On Tue, Feb 10, 2015 at 7:45 PM, Steven Arzt <Steven.Arzt at cased.de> wrote:

> Hi Peter,
>
>
>
> There still seems to be some misunderstanding about the concept of taint
> wrappers. You write that you do not want to perform taint tracking. In that
> case, the taint wrappers provided by FlowDroid will not be of much help, so
> it doesn’t even matter what you put into EasyTaintWrapperSource.txt. Again:
> Taint wrappers have nothing to do with callgraph construction. They are a
> means for the taint analysis to get along with an incomplete callgraph and
> “fill the gaps” with respect to the semantics of taint tracking.
>
>
>
> The conceptual problem I described in my last e-mail has nothing to do
> with how you obtain the callgraph in Soot either. Your callgraph will be
> incomplete. That’s what happens because of how the SPARK callgraph
> algorithm works.
>
>
>
> The methods I explained in my last e-mail are ways to deal with the
> problem. You can either analyze your apps together with full OS / library
> implementations (with all the downsides this has), or you can extend your
> client analysis to work with an incomplete callgraph which is what I
> recommend. Besides that, if you are willing to greatly sacrifice callgraph
> precision, you might also give CHA a try. CHA does not depend on allocation
> sites, so the CHA callgraph will at least be somewhat sound (given the
> usual small print). For most analyses, CHA is however not an option due to
> its really heavy over-approximation.
>
>
>
> If you chose to include the library code in your analysis, this has
> nothing to do with where you get your apps from. With “library”, I mean the
> Android platform implementation, the stuff that is installed on your phone
> ever since. By the way, “just an APK” is never sufficient.
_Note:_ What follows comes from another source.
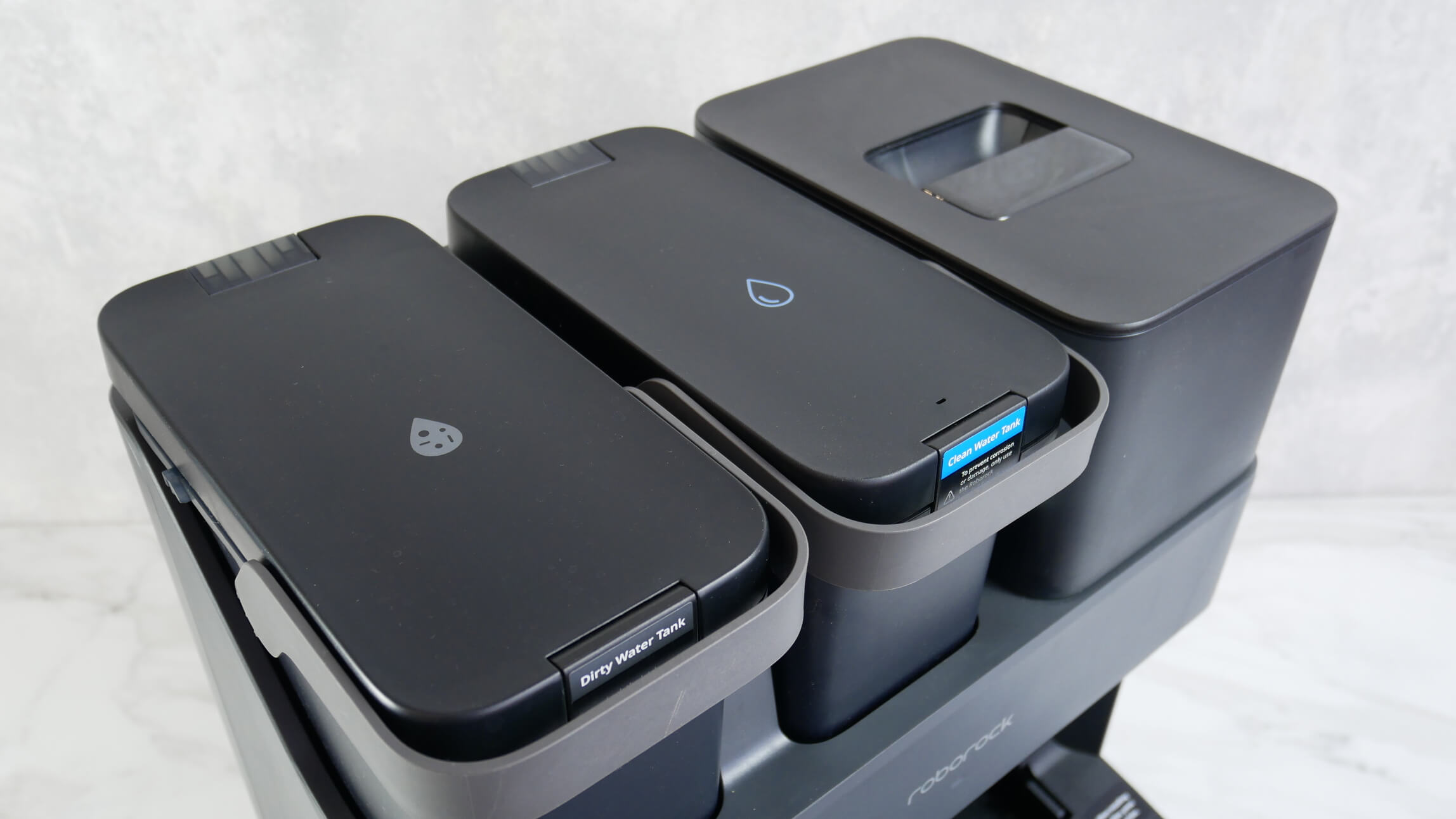 Viršutinėje stotelėje yra trys skyriai: nešvaraus vandens bakas, švaraus vandens bakas ir permatomas dangtelis, kuriame paslėptas šiukšlių maišas roboto dulkių siurblio savaiminio valymo ciklui. Švaraus vandens bako talpa yra 3 litrai, o nešvaraus vandens bako – 2,5 litro. Šiukšlių maiše telpa iki 2,5 litro sausų atliekų.

You always need
> some kind of library model; usually, you just use a very minimalistic one
> provided through the stub JAR files from the Android SDK.
>
>
>
> Best regards,
>
>   Steven
>
>
>
> *Von:* soot-list-bounces at CS.McGill.CA [mailto:
> soot-list-bounces at CS.McGill.CA] *Im Auftrag von *Peter Kim
> *Gesendet:* Dienstag, 10. Februar 2015 19:13
>
> *An:* Steven Arzt
> *Cc:* soot-list at cs.mcgill.ca
> *Betreff:* Re: [Soot-list] Missing call graph edges
>
>
>
> Hi Steven,
>
>
>
> Thanks for your response. I have some follow up questions:
>
>
>
> - I changed "EasyTaintWrapperSource.txt" to include "<java.util.ArrayList:
> java.lang.Object get(int)>" but it's still not working. Is this the right
> way to add a taint wrapper?
>
>
>
> - I am not interested in taint analysis. I only want a call graph for an
> Android app. Is what I am doing, i.e. extending Infoflow and getting call
> graph through Scene, the best way to get the call graph or is there a
> better way? Note that I'm getting the call graph *before* FlowDroid starts
> looking at sources/sinks.
>
>
>
> - Suppose that I'm analyzing APKs found on the web. Will these ever come
> with full library implementations or will they have just stubs? So if I
> wanted to transform/analyze library code, it seems that it would not be
> possible to do so with just an APK.
>
>
>
>
>
> On Tue, Feb 10, 2015 at 9:56 AM, Steven Arzt <Steven.Arzt at cased.de> wrote:
>
> Hi Peter,
>
>
>
> The callgraph edges have nothing to do with basic blocks. The difference
> here is that “remove” is called on the base object “objects” and “free” is
> called on “obj”. What you observe is that you have outgoing call edges for
> all calls on “objects”, but none for calls on “obj”. This usually means
> that the SPARK callgraph algorithm is unable to propagate allocation sites
> to the base object “obj”. Therefore, it cannot decide where the calls
> should go.
>
>
>
> The question now is why the allocation site propagation fails for “obj”. I
> guess you are running FlowDroid with the Android JAR files from the
> official SDK? These JAR files are only stubs, so there is no real
> implementation of “java.util.ArrayList”. All methods inside this class (and
> all other system classes) will only throw NotImplementedExceptions.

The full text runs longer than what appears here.